Miliband's performance at Labour conference surprised people who had written him off as a poor communicator. That's because he shares with Margaret Thatcher the ability to improve through force of will. In her early period as Leader of the Opposition, she was dismissed as wobbly and unconvincing. But through trial and error, not to mention a bit of coaching, she found the style for which she later became famous. Miliband knows that political leadership is a craft that has to be worked at and talks admiringly in private about the effort Tony Blair put into perfecting the performance aspects of his job pre-1997. His own hard work is now paying off and he has found new confidence in his ability to project himself effectively on the national stage.

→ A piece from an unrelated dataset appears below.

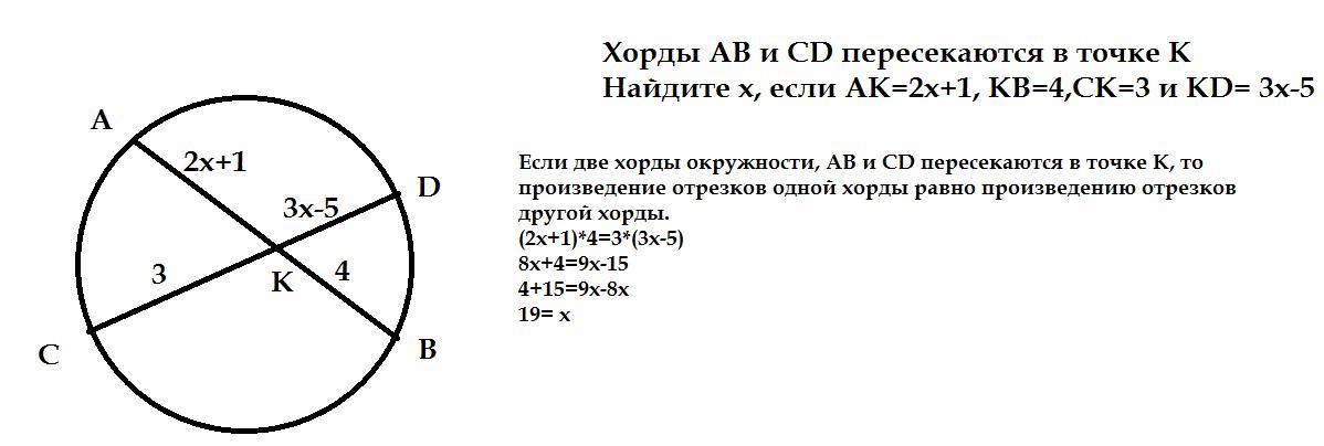 Хорды АВ и CD пересекаются в точке К Найдите х, если AK=2x+1, KB=4,CK=3 и KD= 3x-5 Помогите срочно((

The prime minister remains a formidable communicator, as anyone who saw his statements on the Bloody Sunday and Hillsborough reports knows. But the Cameron you see now is the finished article. Miliband will carry on improving.
6. Miliband has united his party.
Cameron clearly wants to contest the next election on the centre ground, but his party shows no sign of being willing to let him. Conservative backbenchers remain deeply unhappy, convinced that Cameron's weakness and Liberal Democrat treachery are all that stand between them and their ability to sweep the country on a tough and uncompromising right-wing platform. They find it almost impossible to disguise their yearning to replace Cameron with Boris Johnson. Miliband, by contrast, no longer has a serious rival for the Labour leadership. The success of his Manchester speech certainly helped, but his ability to manage the party behind the scenes is the under-appreciated success of his leadership so far. By patiently winning over colleagues in private and impressing the rank and file in public, he has created a united party over which he now has a free hand.
The only downside is that even his enemies can't fail to have noticed that the game has changed. The ranks of the Don't Underestimate Ed Miliband Association are swelling and things can only get tougher.